Congress shall make no law respecting an establishment of religion, or prohibiting the free exercise thereof; or abridging the freedom of speech, or of the press; or the right of the people peaceably to assemble, and to petition the government for a redress of grievances. 

Don


----------



## ShaolinWolf (May 15, 2004)

someguy said:
			
		

> oh and a couple of thoughts
> 1. "If any one of you is without sin, let him be the first to throw a stone at her."[jn 8:7
> 2.who are you to judge your neighbor?
> [jas 4:12].
> ...


Well, not to be nit picky, but Jas? Mt? Jn?

It's usually written James, Matt., and John

Just a side note


----------



## Cryozombie (May 15, 2004)

heretic888 said:
			
		

> So, if I spend National Prayer Day praying to get rid of National Prayer Day... does that make me a hypocrite?? Or just sane??
> 
> It amazes me the number of people that can't see this is an obvious violation of the separation of Church and State.
> 
> ...



Actually... I dont see whats wrong with any of those... although I would think many of them would be covered by a "National Prayer Day"... Voodoo Mumou's for example pray as part of their ritualsm as do Wiccans, Satanists, etc...

I don't think it ever stated it was National "Pray to the Fundamentalist Christain Gods" day... 

And there are National days of recognition to a lot of individual groups... which nobody ever beefs about... why is one day of recognition for "setting aside time for prayer" any different?  I mean, Government offices are closed on Martin Luther King day, but I am not African-american, so should I fight to have it removed as a recognized "holiday" because it is too specific and doesnt "apply" to my "group?"  Isn't that a bit silly?

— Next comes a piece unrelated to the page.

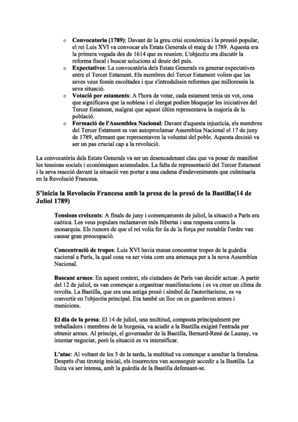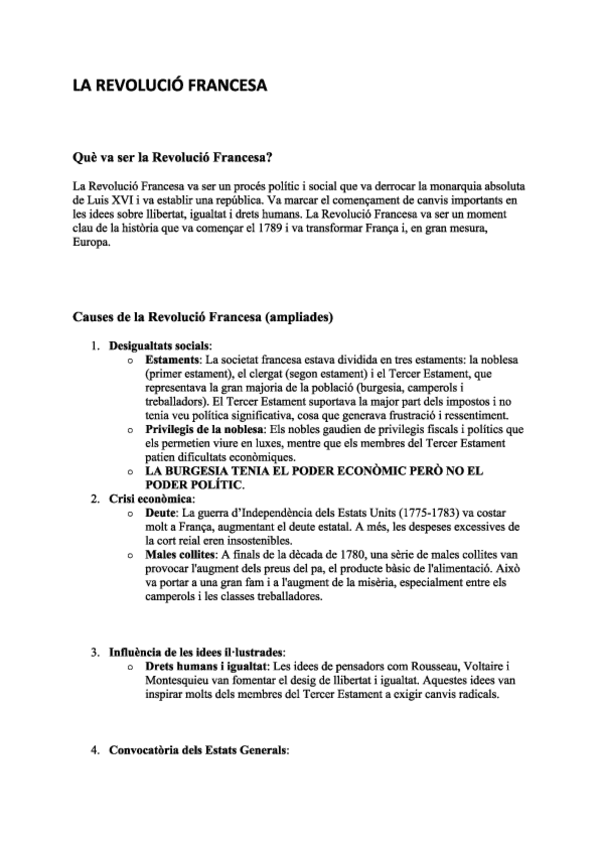 Aquest document recull un resum clar i complet sobre la Revolució Francesa (1789-1799), un dels esdeveniments més importants de la història moderna. És un material molt útil per preparar exàmens d’Història, fer repàs ràpid de conceptes clau i comprendre

And, as best as I can tell, separation of Church and State is a myth... the only thing I have seen that comes close to being that is the passge posted above that I read to say the government cannot tell you how to worship.


----------



## someguy (May 16, 2004)

To some extent there is seperation of church and state but to some extent there isn't nor can there be.
Lets take a religion that practices  sacraficing a animal or human.  This would offend another person outsidee of that religion.  Now then some one has to win whn the government gets involved right.  So the government will back one of the sides.  Which side wins?  Probably the one oopposed to sacraficing the animal.  Why? Because there religion is differnt than the norm.  
Our laws are also based on religion to a large extene.  Bigomy is banned.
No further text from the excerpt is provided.